Question

FASTQ header editing

0

Entering edit mode

7.2 years ago

felipe.zoujiro ▴ 30

Hi everyone,

This is my first post here, sorry if this issue is out of place but I am really new in bioinformatics and scripting. I am working in de novo genome assemblies with some marine invertebrates, and as part of my pipeline I have error-corrected some FASTQ files using Rcorrector.

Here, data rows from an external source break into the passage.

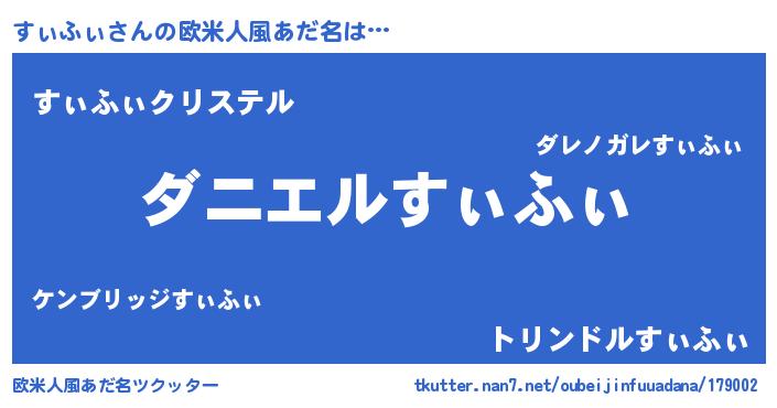 | 料理風あだ名 | 『すぃふぃのトマト煮』『すぃふぃごはん』 |
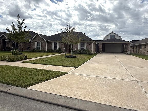 Welcome home to this beautiful 3 bedroom 2 bath home on oversized lot in Manvel’s Lakeland subdivision. This home offers open and spacious living, kitchen and dining areas with new luxury vinyl through out the main living spaces. Kitchen boasts upgraded 42” white cabinets, granite countertops and an extra large walk in pantry. Primary bedroom has vaulted ceiling and double door leading to the primary bathroom. Primary bathroom has dual sinks, oversized shower with dual shower heads and large walk-in closet. The four car garage is a dream with parking for a boat, trailer or multiple cars and space for a workshop with an extra single car garage door out the back. Garage area also has porta-cochere with large storage barn above and stub outs for plumbing making it ready to add a game room or guest suite. Great location within walking distance to schools, shopping nearby and easy access to Highway 288. Call today to schedule your showing of this beautiful home!
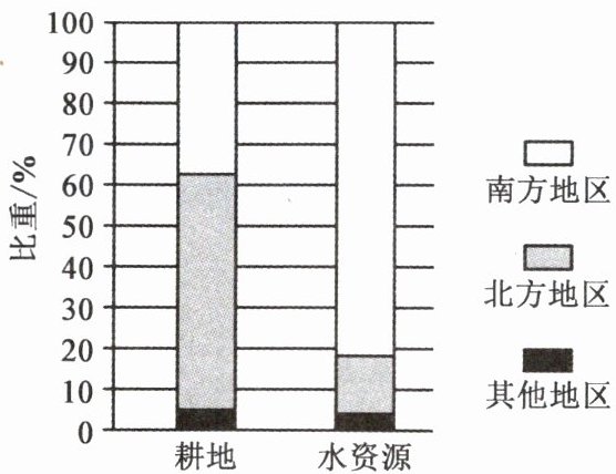 4. 对比南、北方地区耕地和水资源的配置情况,可以得出的结论是( )
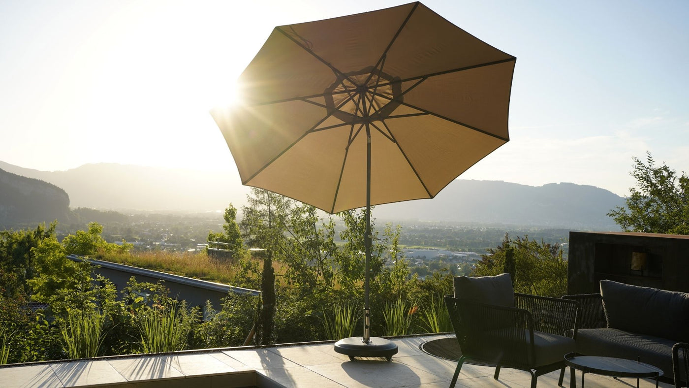 Not at all. Example: the 9′ patio umbrella accounts for roughly 90% of all sales in the United States. Some manufacturers measure across the bottom diameter while some (like us) measure the arc of the umbrella. Why does this matter? To get to a 9′ diameter underneath an umbrella a manufacturer must produce a 9.5′ frame.
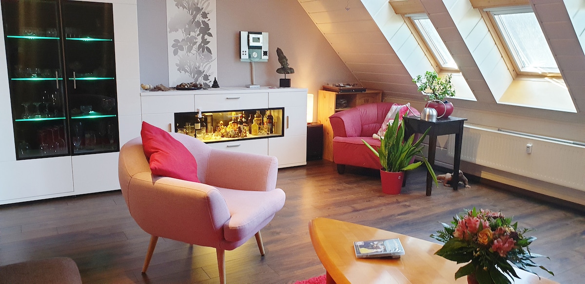 Den lysgennemstrømmede lejlighed med en ekstraordinær indretning giver mulighed for et hyggeligt ophold i nærheden af Neubrandenburgs centrum og 20 minutters gang fra den smukke Tollensesee. Lejligheden er nyrenoveret, har 1 enkeltværelse samt en sovehems med dobbeltseng, et fuldt udstyret køkken med opvaskemaskine, badeværelse med badekar og tørretumbler, tv og Wi-Fi. Lejligheden ligger på 2. sal i et 6-familiehus og kan nås via trappen i gangen.
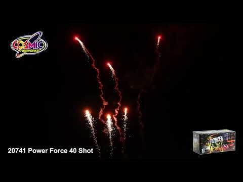 A 40 shot 1.3G cake ejecting either whistling comets, green or silver tails that burst with either red stars & silver strobe effects, blue stars & crackling effects, red or green palm effects, or purple stars with chrysanthemum effects.
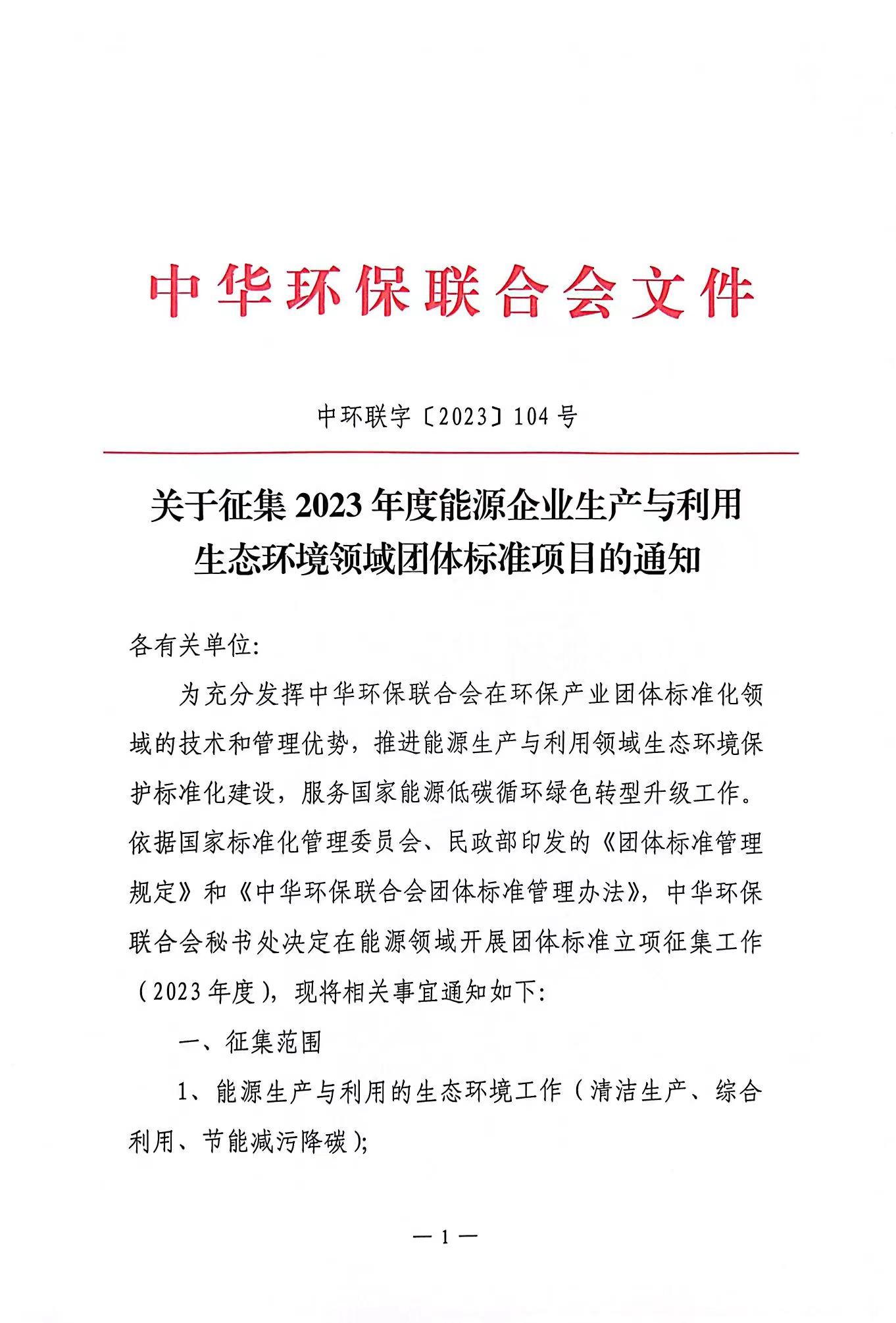 关于征集2023年度能源企业生产与利用生态环境领域团体标准项目的通知
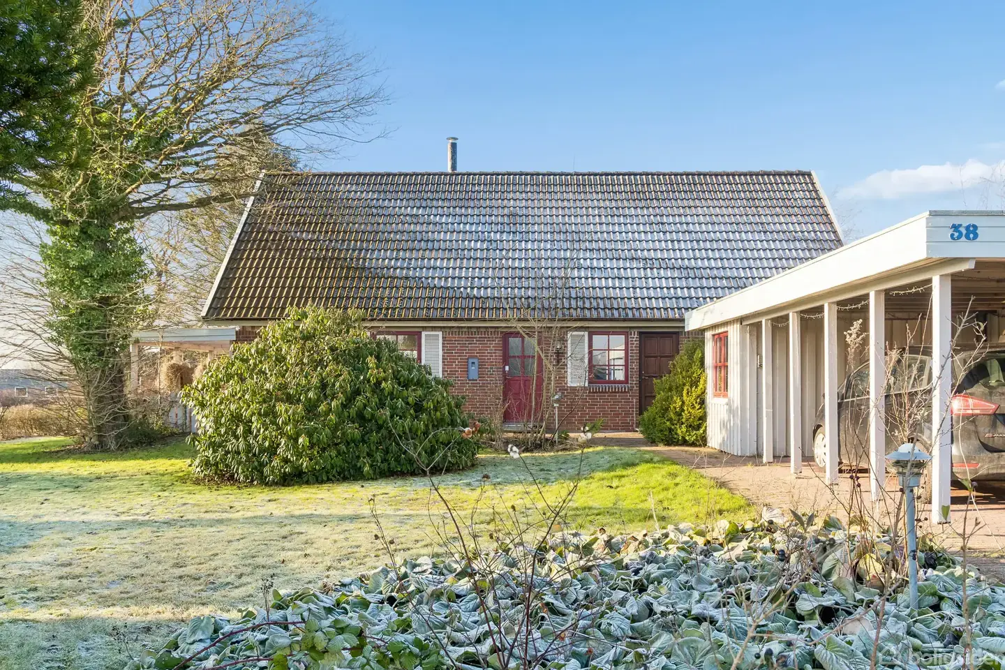 Velkommen til Blomsterhaven 38 der præsenterer sig som en solid og charmerende rødstensvilla, der kombinerer klassiske dyder med en gennemtænkt planløsning og en fantastisk udsigt.Boligen byder på en indbydende entré, der fungerer som boligens knudepunkt med adgang til både stueplan og førstesal. Herfra træder man ind i det store, åbne alrum og stue, hvor de brede vinduespartier sikrer et behageligt lysindfald og en dejlig rumfornemmelse. I åben forbindelse med alrummet findes det velindrettede
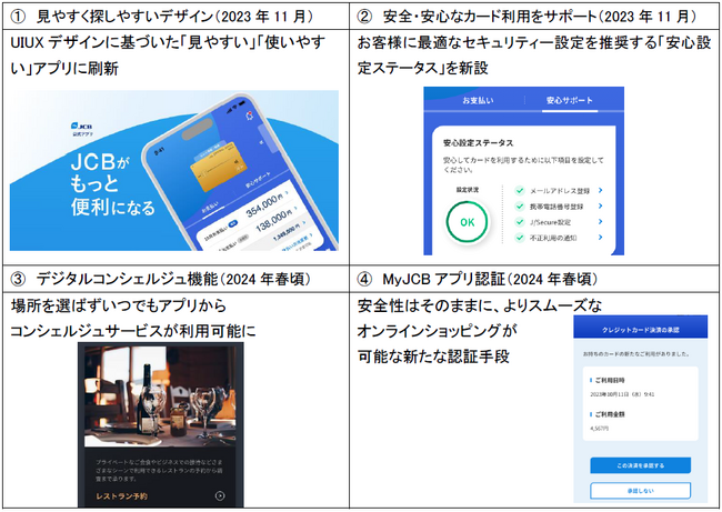 本リニューアルは、お客様により見やすく・情報を探しやすく使っていただくためのデザイン変更に加え、JCB として重要な価値の1つである「お客様の安全・安心」をより強化するため、先進的なアプリ機能を搭載します。具体的には、最適なセキュリティー設定を推奨する「安心設定ステータス」(2023 年11 月)、インターネットショッピングでの新たな認証手段「MyJCB アプリ認証」(2024 年春頃)を提供予定です。詳しくは以下をご覧ください。
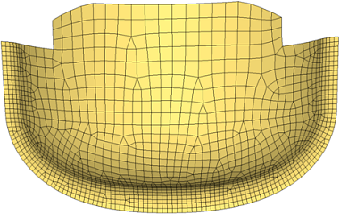 Uses quads primarily, but inserts trias when making density transitions, resulting in improved mesh quality.
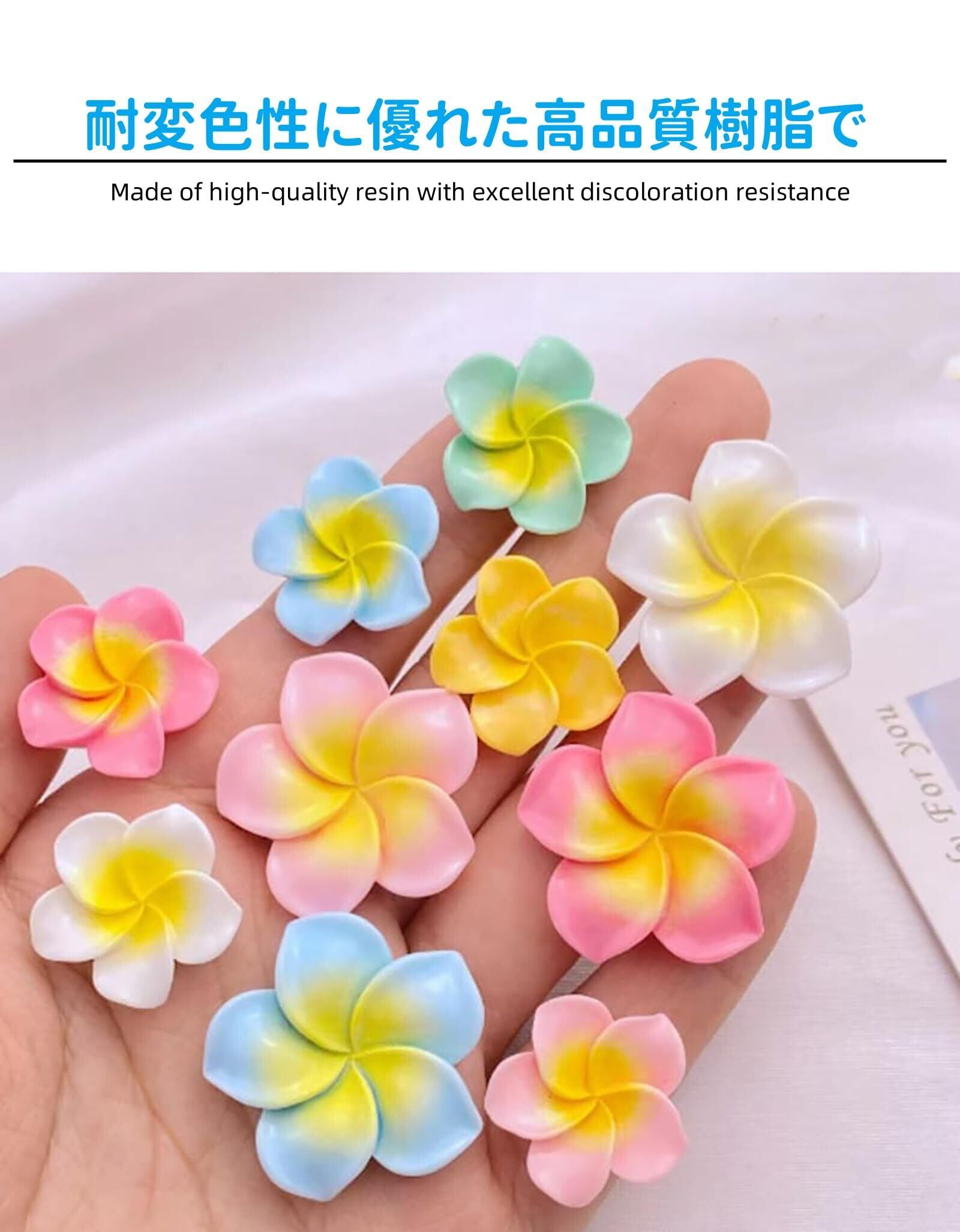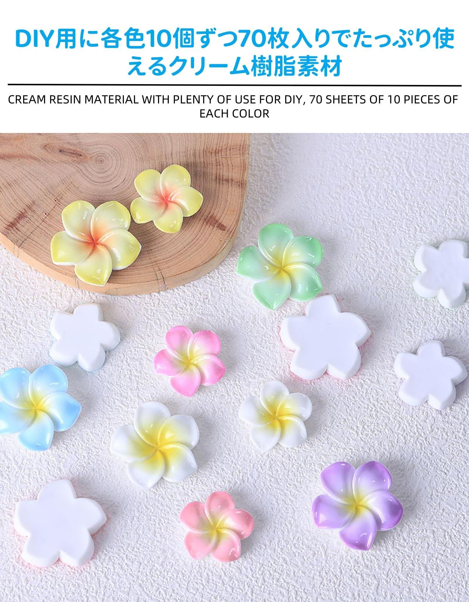 【7色アソートで自由な創作】夏のハワイアンテイストを詰め込んだ2.2cm/2.8cmの樹脂フラワー!キーホルダー・ヘアクリップ・スマホケースデコに最適な精巧な五弁花。DIY用に各色10個ずつ70枚入りでたっぷり使えるクリーム樹脂素材

This software added the following information to the FASTQ headers

In the header line for each read, Rcorrector will append some information.

"cor": some bases of the sequence are corrected "unfixable_error": the errors could not be corrected "l:INT m:INT h:INT": the lowest, median and highest kmer count of the kmers from the read

So, I have some FASTQ files with the following headers:

@HWI-ST169:272:C0RCGACXX:1:1306:13471:25027 1:N:0: l:185516 m:185516 h:185516 unfixable_error
AAAAAAAAAAAAAAAAAAAAAAAAAAAAAAAAAAAA
+
?@@FF<D@6DFDDIGFHFB@B?@BBB6BBBBDBDDD

@HWI-ST169:272:C0RCGACXX:1:2107:18438:124552 1:N:0: l:185516 m:185516 h:185516 unfixable_error
AAAAAAAAAAAAAAAAAAAAAAAAAAAAAAAAAAAA
+
=@;::)<AFD)0?AFFFDB6;?B637:BBBB6BBBB

@HWI-ST169:272:C0RCGACXX:1:1204:15681:165032 1:N:0: l:185516 m:185516 h:185516 unfixable_error
AAAAAAAAAAAAAAAAAAAAAAAAAAAAAAAAAAAAA

This is just a snapshot of the headers but other reads have the information that I mentioned above. So, I am wondering how I can remove the additional information included by Rcorrector. For example, l:185516 m:185516 h:185516 unfixable_error

I want to use Meraculous for de novo genome assembly but I am getting the error that FASTQ header is not valid. I guess this error is related to this additional information in the FASTQ headers.

Hope someone here can help me.

Thanks in advance,

Felipe

sequence • 2.5k views

ADD COMMENT • link updated 7.2 years ago by Pierre Lindenbaum 161k • written 7.2 years ago by felipe.zoujiro ▴ 30

score 2 · Accepted Answer · 2017-02-01

2

Entering edit mode

7.2 years ago

Pierre Lindenbaum 161k

cut -d ' ' -f1,2 in.fastq > out.fastq

ADD COMMENT • link 7.2 years ago by Pierre Lindenbaum 161k

0

Entering edit mode

Thanks Pierre, your command works so smoothy. Now I can see if Meraculous accepts the new FASTQ headers of my files. Great!!!